Jakarta, CNN Indonesia —
Studi terbaru mengungkap asap kebakaran hutan berpotensi menyebabkan 12.000 kematian per tahun imbas krisis iklim yang memicu peningkatan frekuensi kebakaran hutan dan lahan (karhutla) hampir di seluruh dunia.
Penelitian terbaru menunjukkan pemanasan global memicu lebih banyak karhutla di berbagai belahan dunia. Hal ini berpotensi menyebabkan bertambahnya 12,000 kematian per tahun akibat terpapar asap kebakaran.
Asap kebakaran berbahaya karena mengandung partikel halus PM2,5 yang masuk ke paru-paru dan aliran darah, menyebabkan dampak kesehatan serius. Menurut penelitian resiko kematian akibat polusi asap dari kebakaran hutan bakal meningkat tajam di beberapa wilayah seperti Australia, Amerika Selatan, Eropa, dan hutan boreal di Asia.
Sementara itu, studi lain mengungkapkan antara tahun 2003 Sampai sekarang 2019 pemanasan global Sudah Mengoptimalkan luas lahan yang terbakar hampir 16 persen. Sekalipun, ulah manusia seperti pembukaan lahan untuk jalan atau pertanian Sudah menurunkan total area yang terbakar Sampai sekarang 19 persen.
Kedua studi ini dipublikasikan di jurnal Nature Climate Change, yang menguraikan dampak penambahan emisi gas rumah kaca ke atmosfer terhadap kebakaran hutan dibandingkan dengan tindakan pembukaan lahan oleh manusia.
Studi yang dipimpin oleh Dr. Chae Yeon Park dari Institut Nasional Jepang untk Studi Lingkungan memperkirakan hampir 100,000 orang meninggal setiap tahun pada 2010-an akibat terpapar asap dari kebakaran hutan.
Menurut para peneliti suhu yang lebih panas dan rendahnya kelembaban Mengoptimalkan resiko kebakaran, Sekalipun campur tangan manusia seperti fragmentasi hutan dan sabana ikut mengurangi area yang terbakar atau menekan penyebaran api.

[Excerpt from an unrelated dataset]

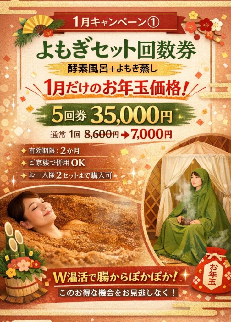よもぎ蒸しの温かさと、酵素風呂の発酵熱のW温活で
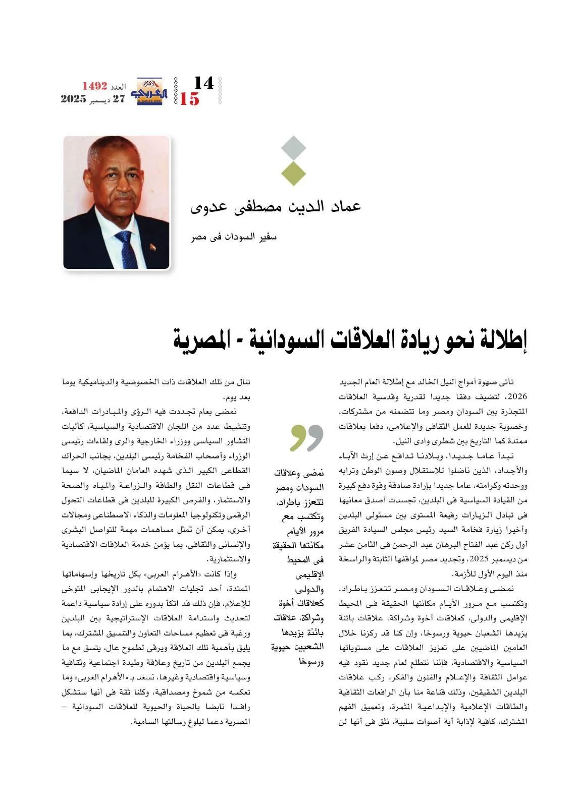 نبدأ عاما جديدا، وبلادنا تدافع عن إرث الآباء والأجداد، الذين ناضلوا للاستقلال وصون الوطن وترابه ووحدته وكرامته، عاما جديدا بإرادة صادقة وقوة دفع كبيرة من القيادة السياسية فى البلدين، تجسدت أصدق معانيها فى تبادل الزيارات رفيعة المستوى بين مسئولى البلدين وأخيرا زيارة فخامة السيد رئيس مجلس السيادة الفريق أول ركن عبد الفتاح البرهان عبد الرحمن فى الثامن عشر من ديسمبر 2025، وتجديد مصر لمواقفها الثابتة والراسخة منذ اليوم الأول للأزمة.

Untuk mengatasi tantangan ini, para peneliti menggunakan tiga model vegetasi dan kebakaran global di bawah kondisi iklim Di waktu ini dan membandingkannya dengan model tanpa dampak Pergantian Iklim modern.

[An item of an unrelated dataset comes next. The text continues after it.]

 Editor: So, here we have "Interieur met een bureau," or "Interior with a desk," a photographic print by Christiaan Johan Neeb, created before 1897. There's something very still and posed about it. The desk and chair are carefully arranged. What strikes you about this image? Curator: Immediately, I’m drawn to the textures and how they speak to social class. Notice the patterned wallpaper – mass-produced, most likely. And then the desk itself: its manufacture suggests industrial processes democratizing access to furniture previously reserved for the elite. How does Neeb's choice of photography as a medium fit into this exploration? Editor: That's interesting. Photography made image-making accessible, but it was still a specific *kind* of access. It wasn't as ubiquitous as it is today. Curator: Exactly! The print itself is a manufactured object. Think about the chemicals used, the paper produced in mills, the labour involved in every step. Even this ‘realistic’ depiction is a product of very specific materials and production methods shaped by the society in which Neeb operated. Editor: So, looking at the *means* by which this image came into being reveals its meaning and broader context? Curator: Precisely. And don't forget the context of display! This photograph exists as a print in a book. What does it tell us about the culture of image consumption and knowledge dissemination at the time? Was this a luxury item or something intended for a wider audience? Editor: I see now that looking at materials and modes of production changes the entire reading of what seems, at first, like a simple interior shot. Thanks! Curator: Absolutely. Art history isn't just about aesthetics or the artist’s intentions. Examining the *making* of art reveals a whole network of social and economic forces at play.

Hasilnya bervariasi, Sekalipun para penulis dari delapan negara, termasuk Inggris, Amerika Serikat, Jerman, dan China, menyimpulkan bahwa pemanasan global secara konsisten menyebabkan peningkatan kematian akibat paparan PM2.5 dari kebakaran hutan.
Di beberapa wilayah, peningkatan suhu menjadi faktor utama yang Mengoptimalkan risiko kebakaran, sementara di tempat lain, kelembapan yang rendah berperan lebih besar. Para penulis Bahkan menekankan dampak kesehatan akibat asap kebakaran tidak dapat diremehkan karena partikel dari kebakaran lebih beracun dibandingkan dengan partikel dari sumber lainnya.

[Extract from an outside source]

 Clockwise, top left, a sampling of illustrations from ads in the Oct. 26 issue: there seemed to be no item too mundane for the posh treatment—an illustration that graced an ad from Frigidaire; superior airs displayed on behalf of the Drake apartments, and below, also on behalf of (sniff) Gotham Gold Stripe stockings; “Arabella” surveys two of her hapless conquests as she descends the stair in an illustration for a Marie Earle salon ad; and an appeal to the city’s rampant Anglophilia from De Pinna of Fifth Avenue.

“Hal ini (kebakaran hutan) mengakibatkan ratusan kematian pada saat itu, dan kemungkinan Akan segera menimbulkan konsekuensi kesehatan jangka panjang bagi banyak orang,” ucap Prof. Hilary Bambrick dari Australian National University, yang tidak terlibat dalam studi ini, melansir The Guardian, Senin (21/10).
Bambrick Bahkan memperingatkan dampak kesehatan jangka panjang kemungkinan Akan segera terus dirasakan. Memahami dampaknya Bahkan Mendukung merencanakan masa depan dengan lebih baik.
Penelitian terpisah yang dipimpin oleh ilmuwan dari Inggris dan Belgia menunjukkan bahwa pemanasan global memperbesar risiko kebakaran hutan, terutama di Australia, Siberia, dan sabana Afrika. Menurut Seppe Lampe dari Vrije Universiteit Brussel, Sekalipun aktivitas manusia seperti perubahan lanskap Mendukung mengurangi area yang terbakar, “efek Pergantian Iklim terus meningkat.”.
Prof. Wim Thiery, salah satu penulis studi tersebut, menambahkan bahwa tingkat pertumbuhan area yang terbakar akibat Pergantian Iklim semakin meningkat setiap tahunnya.